As the years of the Fertile Truce passed, Goulet became linked to the different independence conspiracies in Cuba. He actively participated in the failed conspiracy called Peace of Manganese, in 1890.

===Cuban War of Independence and death===
At the outbreak of the Cuban War of Independence on February 24 of 1895, Goulet rose in the vicinity of the town of El Cobre in February and immediately joined the Cuban Revolutionary Army led by then Colonel Jesús Rabí. He was promoted to Commander in April of that same year.

Later, already subordinate to Major General Antonio Maceo, he participated in the Battle of El Jobito, on May 13, 1895 . He was ascending quickly, until reaching the degrees of Brigadier General.
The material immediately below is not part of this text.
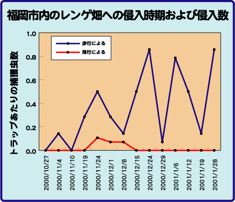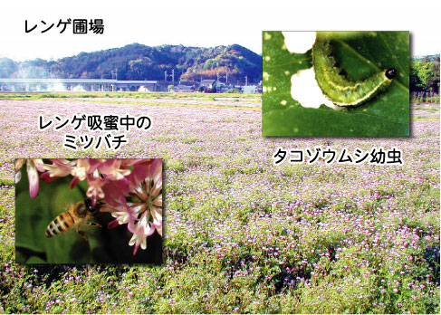 | アルファルファタコゾウムシは、侵入害虫(1982年)です。この虫はレンゲを好んで摂食するため、レンゲを蜜源としている養蜂家にとって、害虫と言えます。 このゾウムシの防除法確立を目指し、天敵の探索や、野外行動の調査をしています。 |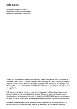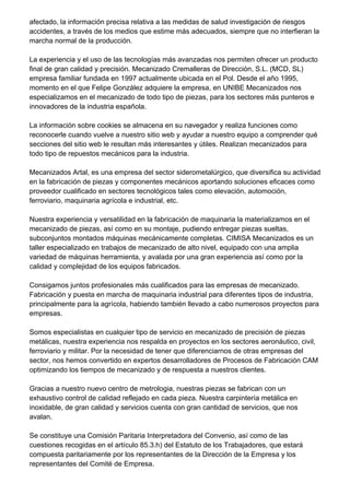 Este documento trata sobre varias empresas dedicadas al mecanizado y fabricación de piezas metálicas en España. Describe los servicios que ofrecen como mecanizado de alta precisión y calidad para sectores como aeroespacial, automoción, ferroviario e industrial. También menciona que cuentan con certificados de calidad y equipamiento avanzado para satisfacer las necesidades de sus clientes.

Under the orders of Major General Antonio Maceo, Brigadier Goulet was in charge of protecting the Cuban impedimenta during the bloody Battle of Peralejo, on July 13, 1895. Alfonso Goulet died in combat, in a place known as "La Caoba", while his troops resisted the strong attack of enemy troops. He was 30 years old. It is worth mentioning that the Cuban forces achieved victory in Peralejo despite Goulet's death.